Task objective: From the line containing "Figure 5. Expression" to the end of the records, print every line exactly, both ends included, and leave out the pictures.

[[ The data, beginning ]]

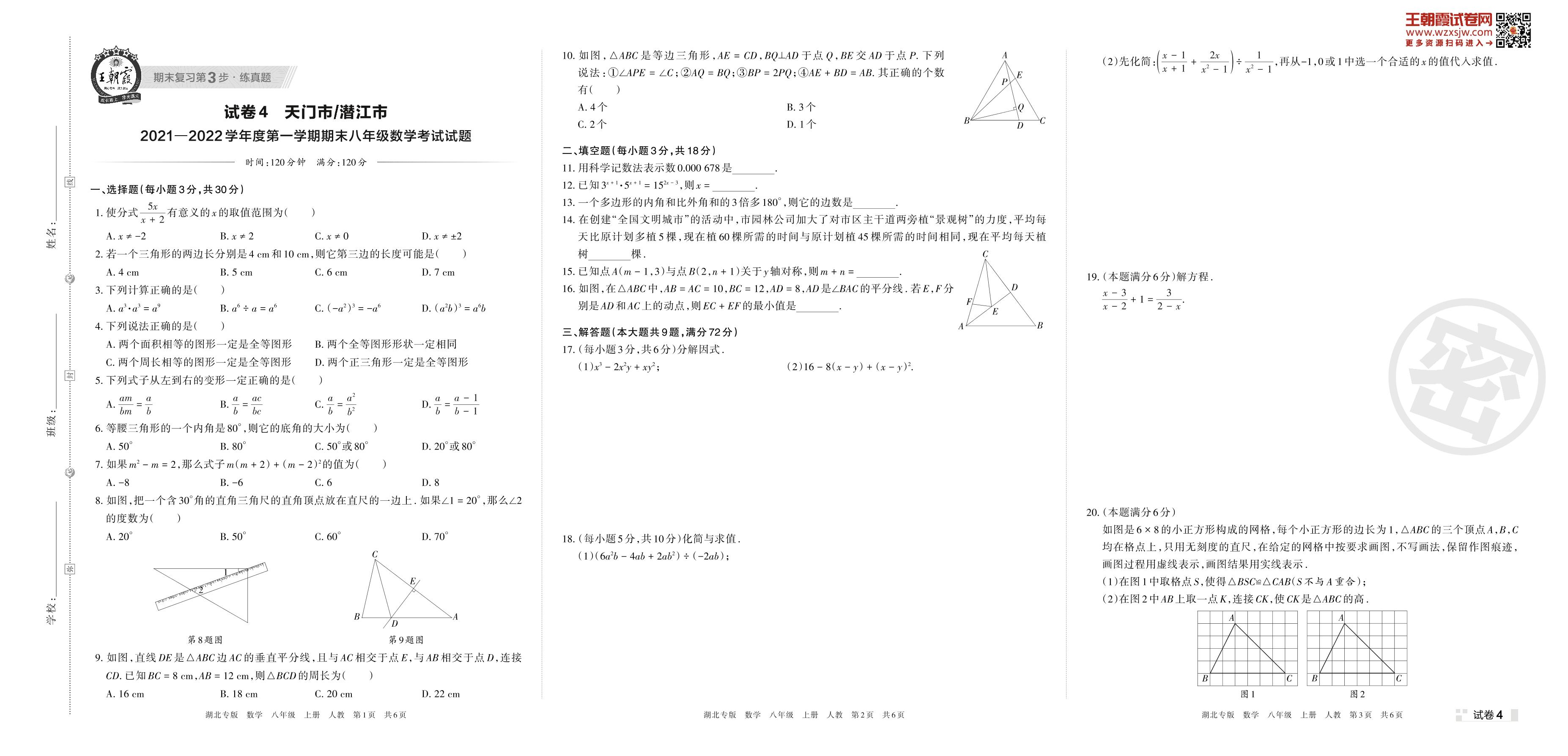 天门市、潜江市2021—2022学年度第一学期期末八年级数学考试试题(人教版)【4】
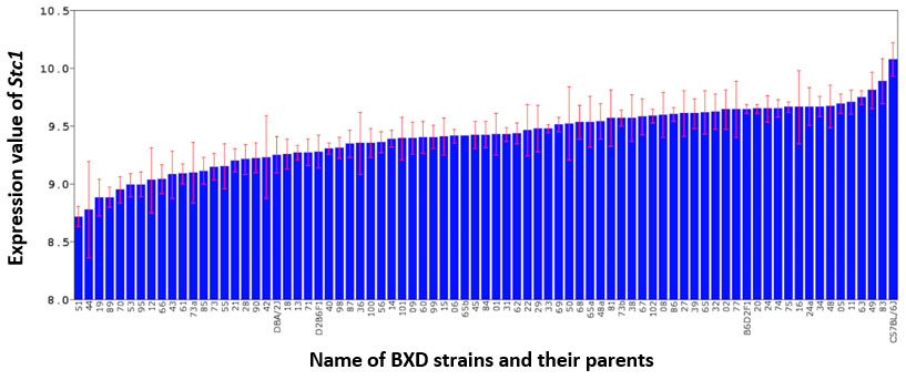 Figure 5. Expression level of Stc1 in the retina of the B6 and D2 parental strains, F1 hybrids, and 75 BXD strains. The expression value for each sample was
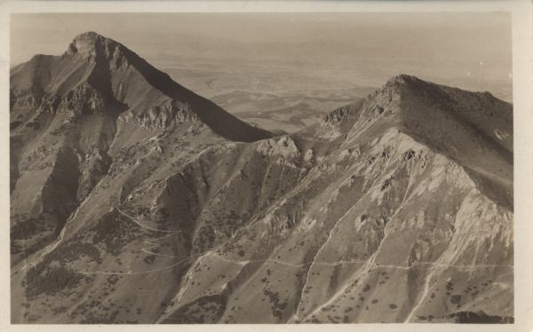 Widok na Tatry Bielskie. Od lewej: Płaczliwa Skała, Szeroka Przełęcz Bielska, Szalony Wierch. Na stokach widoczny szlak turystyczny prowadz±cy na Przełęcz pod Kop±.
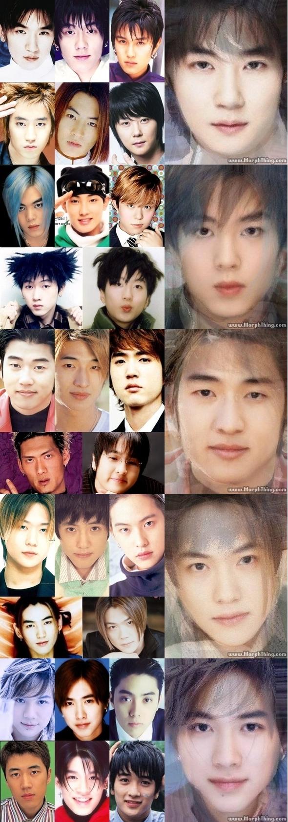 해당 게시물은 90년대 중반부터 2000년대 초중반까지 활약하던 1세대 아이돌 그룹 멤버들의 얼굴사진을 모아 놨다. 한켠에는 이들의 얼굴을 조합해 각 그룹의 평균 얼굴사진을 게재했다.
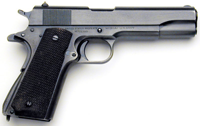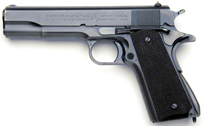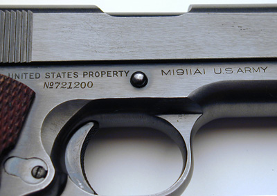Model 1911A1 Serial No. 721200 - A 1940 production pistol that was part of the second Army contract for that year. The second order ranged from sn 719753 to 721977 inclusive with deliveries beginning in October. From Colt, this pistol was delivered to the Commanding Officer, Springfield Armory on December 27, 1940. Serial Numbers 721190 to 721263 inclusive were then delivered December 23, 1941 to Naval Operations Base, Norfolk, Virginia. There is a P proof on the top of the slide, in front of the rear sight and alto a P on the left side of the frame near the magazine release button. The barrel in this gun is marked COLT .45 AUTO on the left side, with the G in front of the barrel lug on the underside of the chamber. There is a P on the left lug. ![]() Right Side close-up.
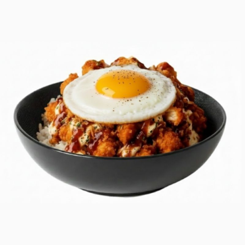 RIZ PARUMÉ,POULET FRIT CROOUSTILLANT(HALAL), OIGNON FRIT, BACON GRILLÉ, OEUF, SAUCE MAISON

[[ The data, end ]]

Output:
 Figure 5. Expression level of Stc1 in the retina of the B6 and D2 parental strains, F1 hybrids, and 75 BXD strains. The expression value for each sample was
 Widok na Tatry Bielskie. Od lewej: Płaczliwa Skała, Szeroka Przełęcz Bielska, Szalony Wierch. Na stokach widoczny szlak turystyczny prowadz±cy na Przełęcz pod Kop±.
 해당 게시물은 90년대 중반부터 2000년대 초중반까지 활약하던 1세대 아이돌 그룹 멤버들의 얼굴사진을 모아 놨다. 한켠에는 이들의 얼굴을 조합해 각 그룹의 평균 얼굴사진을 게재했다.
Model 1911A1 Serial No. 721200 - A 1940 production pistol that was part of the second Army contract for that year. The second order ranged from sn 719753 to 721977 inclusive with deliveries beginning in October. From Colt, this pistol was delivered to the Commanding Officer, Springfield Armory on December 27, 1940. Serial Numbers 721190 to 721263 inclusive were then delivered December 23, 1941 to Naval Operations Base, Norfolk, Virginia. There is a P proof on the top of the slide, in front of the rear sight and alto a P on the left side of the frame near the magazine release button. The barrel in this gun is marked COLT .45 AUTO on the left side, with the G in front of the barrel lug on the underside of the chamber. There is a P on the left lug. ![]() Right Side close-up.
 RIZ PARUMÉ,POULET FRIT CROOUSTILLANT(HALAL), OIGNON FRIT, BACON GRILLÉ, OEUF, SAUCE MAISON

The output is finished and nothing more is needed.